La semana pasada asistimos a un espectáculo inusual en la historia política reciente: la accidentada presentación de informes anuales a cargo de los titulares de cada una de las carteras de estado que componen el órgano ejecutivo, y su accidentada recepción, persiguiendo –a veces literalmente– la aplicación de las disposiciones constitucionales por parte del órgano legislativo, personificado en el diputado presidente, encargado de presidir una sesión plenaria que no estuvo exenta de gritos, reclamos y hasta recesos repentinos.

Todo debía transcurrir como ha sido usual año tras año, independientemente del partido político en el poder: voluminosos ejemplares de la memoria anual de labores de cada ministerio, son acompañados de un discurso más o menos breve enumerando los logros de la gestión encomendada, todo esto, mientras la mayoría de diputados se dedicaban a conversar y a departir alegremente, con breves interrupciones de la prensa, requiriendo sus opiniones o las de sus colegas de bancada, llamando la atención sobre uno u otro dato que despertara el interés de la oposición para ser usado más tarde.

Pero este rito anual, que por supuesto tiene una justificación constitucional y agregaríamos que también cultural, no iba a ser observada por un gabinete que con tientes histriónicos pero también histéricos, ya hizo de la inobservancia a la Constitución, su marca distintiva al momento de utilizar el poder delegado por el mandatario.

Vimos entonces cómo lo que representa una muestra de sometimiento del poder ejecutivo al control interorgánico por excelencia, de acuerdo con el diseño de nuestra democracia constitucional, devino en una incómoda puesta en escena, en la que varios de los convocados se negaban momentáneamente a entregar su informe al presidente del parlamento que se los requería, mientras algunos miembros de protocolo les perseguían luego por el corredor del Salón Azul –como fue el caso del Ministro de Obras Públicas– solicitándoles también la entrega del documento en cuestión.

Esta misma conducta fue la que llevó al Ministro de la Defensa Nacional a volver ante la junta directiva del congreso, apenas unos minutos después de retirarse tras leer su breve informe, para hacer entrega del mismo, ahora sí, como lo ordena el Art. 167, ordinal 7° de la Constitución, como si en el ínterin, alguien tuvo la inteligencia de recordarle que su omisión podría acarrearle la destitución inmediata, de acuerdo con lo contemplado en la mencionada disposición.

Pero los incidentes no se quedaron allí. Los gritos de la secretaria de Comunicaciones de la Presidencia de la República, que acompañaba al gabinete en su comparecencia y la respuesta amplificada del presidente de la Asamblea dieron motivo a las más variadas reacciones desde el pleno legislativo, como si la casa del pueblo se hubiera convertido en el circo donde los denuestos, reclamos y diferencias irreconciliables se hicieran presentes para destacar, precisamente en el día en que la ecuanimidad debería ser la regla, los fantasmas de la polarización política que históricamente han contribuido a enturbiar la paz y la armonía en el país.

No puede obviarse, llegado a este punto, las omisiones de los miembros del parlamento. Además de la indiferencia y mala educación que suelen mostrar cuando el que comparece no es el presidente o el ministro de su partido político o afín a este, los diputados desaprovecharon lo que bien podría considerarse un ensayo de antejuicio.
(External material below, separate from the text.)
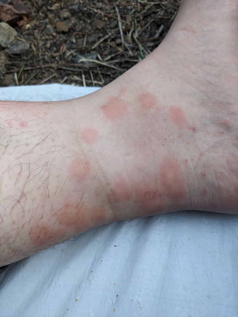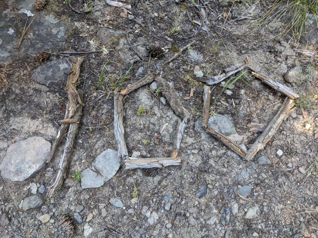 The next day passed much the same, easy road walking and miles slipping away under our feet. I kept thinking of the song Take It Easy, and the line “Don’t let the sound of your own feet, drive you crazy,” as the gravel crunched and we tried to pick out the ruts in the road that were a little smoother and easier to walk in. My headspace was generally very light though. I remember from the PCT the day before getting to town often being a slog, the anticipation for a good meal and a shower totally overriding my ability to stay focused on the task at hand, but it wasn’t like that now despite being in a green tunnel for the most part of the day. I narrated the plot of my book to John for a while and we took our normal breaks, first lunch at 11 and second lunch at 3 with intermittent water breaks as water sources were available. O’Well and Gretzky skipped rocks for 30 minutes at first lunch, and we stopped for 90 minutes at second lunch as we had already done 17 miles and only planned to do 3 more for the day. We got to where we wanted to camp at 20 miles for the day, and found it was really buggy and kept hiking in hopes it would clear up but it really only seemed to get worse. We eventually stopped and camped in the middle of a disused FS road and just jumped in our tents and ate dinner inside.

La comparecencia de los titulares de las carteras de salud, defensa, turismo y seguridad bien pudieron ser aprovechados para indagar y cuestionar sobre el manejo de los recursos durante la pandemia o la capacidad del país para afrontar una eventual crisis alimentaria o de falta de empleos, luego de meses de vida nacional al límite de las capacidades con que se cuenta.
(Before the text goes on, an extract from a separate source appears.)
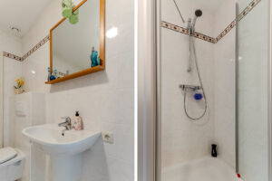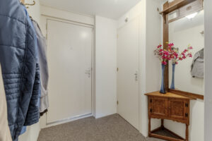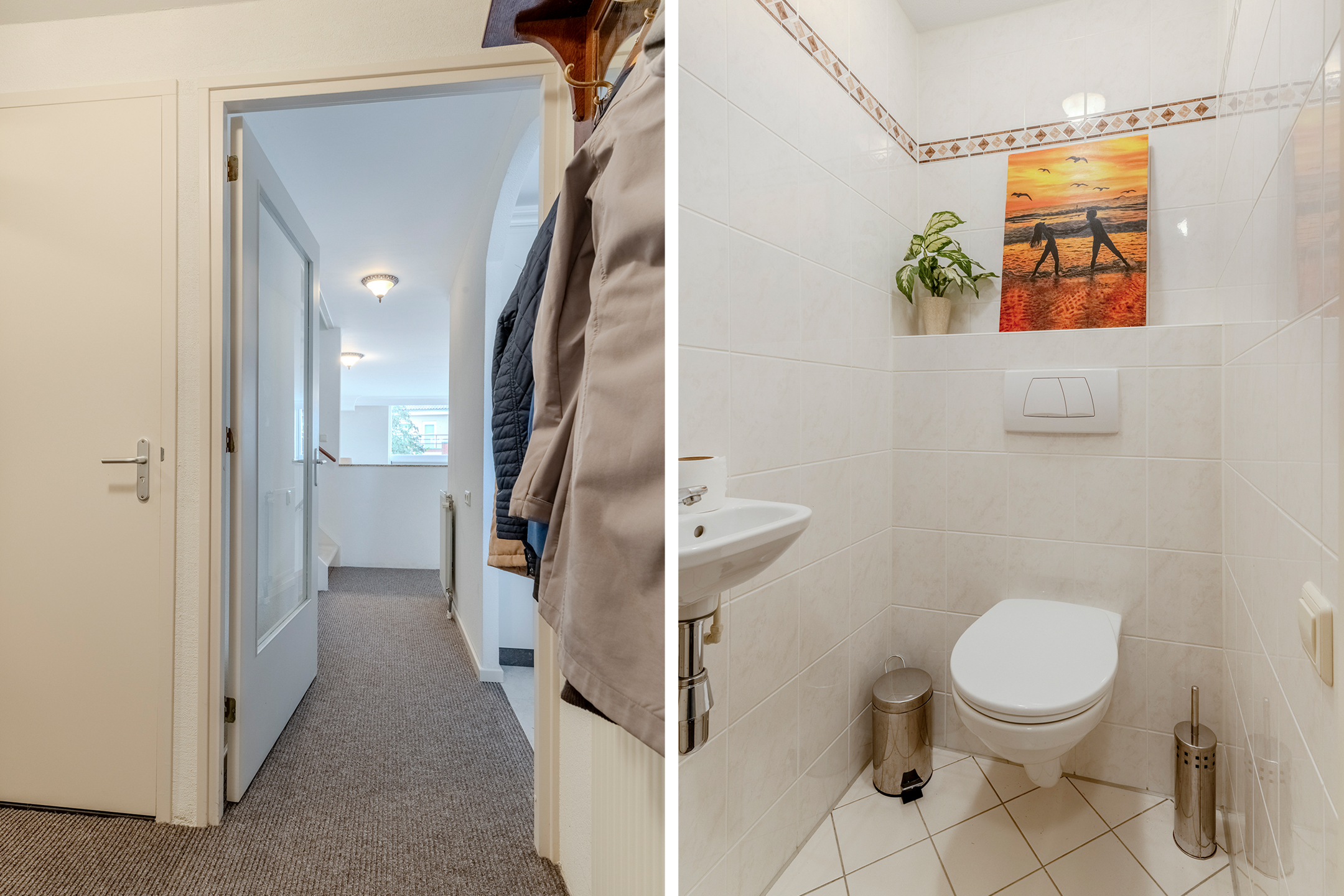 Hal met uitgebreide meterkast (en loze leidingen voor extra contactpunten) en een licht betegelde toiletruimte voorzien van een vrij hangend toilet met fontein. De hal geeft toegang tot een 2e hal en de keuken.

Pero era más fácil ignorar las responsabilidades mutuas, olvidarse del rito por parte del gabinete de gobierno y a la vez alimentar el mito de un control parlamentario que sin embargo no ha sabido ser efectivo. Por eso, no es de extrañar que ese mismo día el Instituto Universitario de Opinión Pública de la UCA revelara la caída de 25 puntos en la calificación de imagen del Presidente, o que más del 60 % de la población califique de “muy malo” el trabajo de los diputados, que mientras tanto, alimentan con su pasividad el desgobierno que desde el ejecutivo se alienta, y cuyas consecuencias las pagaremos todos.